By Caitlin Seida from In The Cloud Copy
CRISPR-Cas9, often called just CRISPR, is a technique used to quickly edit DNA to alter gene functions. Think of it like the “cut, copy, and paste” techniques used on computer editing software, but for the human body. For those living with the autosomal recessive disorder tyrosinemia, CRISPR could spell relief from the condition — and the future, albeit the far future, may see doctors able to edit away the conditions that activate tyrosinemia in the body.
What is CRISPR?
First discovered in 1987 by a team of Japanese biotechnologists at Osaka University, the understanding of the science behind CRISPR took decades to understand. It wasn’t until 2017, however, that the powerful gene editing technique was given the greenlight for trial use in humans, and March of 2020 before the first human was given an in vivo treatment with the CIRSPR-Cas9 technique successfully.
Because it’s a patented breakthrough with ethical implications, CRISPR technology is largely unheard of outside of scientific communities. Cutting strands of DNA and replacing them with correct segments can have unpredictable effects on the cells. Editing the same gene 10 different times can yield 10 different results, often because of mis-targeting or improper application.
What is Base Editing?
A more refined approach to CRISPR-Cas9 techniques, called base editing, allows scientists to simply re-code the errant DNA sequence without cutting. Think of it like using a pencil eraser on the miscoded parts of the human genome so you can then write in the correct ones. This approach has been successfully demonstrated on animals, but not humans. With human genome editing still in its relative infancy, there’s potential for growth — if the problems can be worked out.
Like the CRISPR techniques and technology it piggybacks on, base editing is still being studied for why some edits yield unexpected results, and how that can be corrected for use in human gene therapy.
Gene Therapy and Tyrosinemia
The first use of base editing and CRISPR technology on autosomal recessive tyrosinemia was carried out in 2018 by a joint team of doctors and scientists at the University of Pennsylvania and the Children’s Hospital of Philadelphia. The study, which used fetal mice as subjects, injected the base editing CRISPR directly into the vitelline vein to see if edits could be made on the liver, rather than anywhere else.
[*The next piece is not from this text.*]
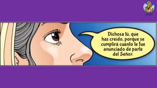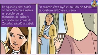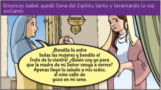 María visita a su prima Isabel después de que el ángel Gabriel le anuncia que será la madre de Jesús. Cuando María saluda a Isabel, el bebé que Isabel está esperando, Juan el Bautista, salta de gozo en su vientre. Isabel bendice a María y la llama bendita entre todas las mujeres. María se queda con Isabel durante tres meses antes de regresar a su hogar en Nazaret.
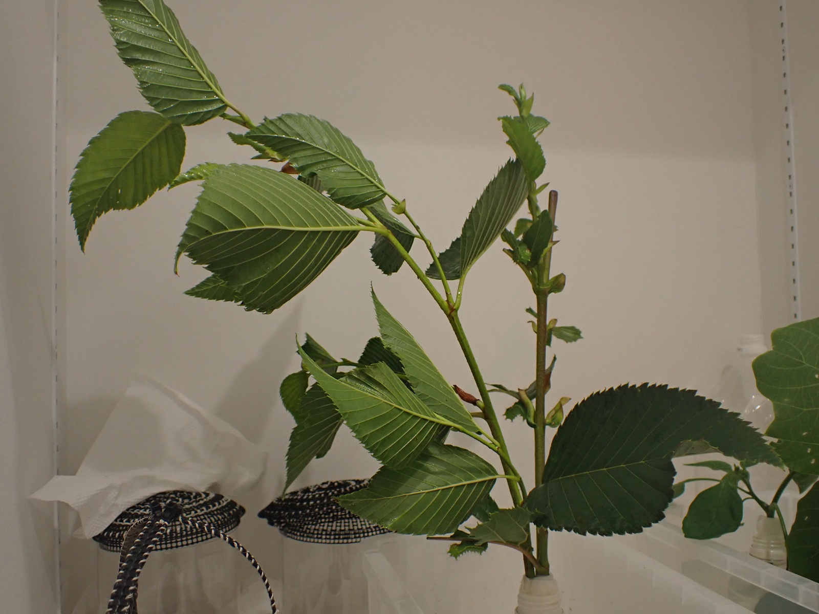 2025/07/30 オナガミズアオ状況 2025/07/30昆虫オナガミズアオasahama 朝-枝補充 5齢が現れてそろそろ1週間 幼虫の偏食志向(若葉は食べない)やボトルに入る枝太さの制限で、ロスする葉は少なくないが致し方ない. 夜-上がり個体出現 2頭が葉を食べず佇んでいたので営繭ケースへ移動.

The study proved successful, with the edits appearing in the livers of baby mice and not in analogous areas. There was an approximately 2 percent error rate for genes corrected with base editing, compared to 40 percent with those that used traditional CRISPR technology. This study showed the potential of CRISPR base editing technology on fetuses with tyrosinemia in utero.
Correcting the genes responsible for tyrosinemia in utero is valuable, as the disorder begins attacking the liver several months before birth. But can the technology be used for adults living with tyrosinemia?
2019 saw further advances in base editing technology, specifically adenine base editing (ABE) techniques, which use adenosine as the conveyance for edits as opposed to cytosine. Using adult mice, researchers used ABE to correct CRISPR spliced mutations and stimulate fumarylacetoacetate hydrolase (FAH) containing liver cells. FAH is the enzyme lacking in livers of individuals with tyrosinemia, which allows the body to break down amino acids.
It’s hard to say what’s next for the use of CRISPR-Cas9, base editing and adenine base editing as it relates to tyrosinemia. While cellular and animal models have shown successful use of these gene therapy techniques and technology, there’s still a long way to go in perfecting the techniques to have smaller margins of error. There’s an even longer journey for scientists and doctors to perfect them for use in humans, and possible ethical and legal battles complicating the matters. While people with tyrosinemia won’t see the rewards of base editing research any time soon, the rapid advances in the field hold promise.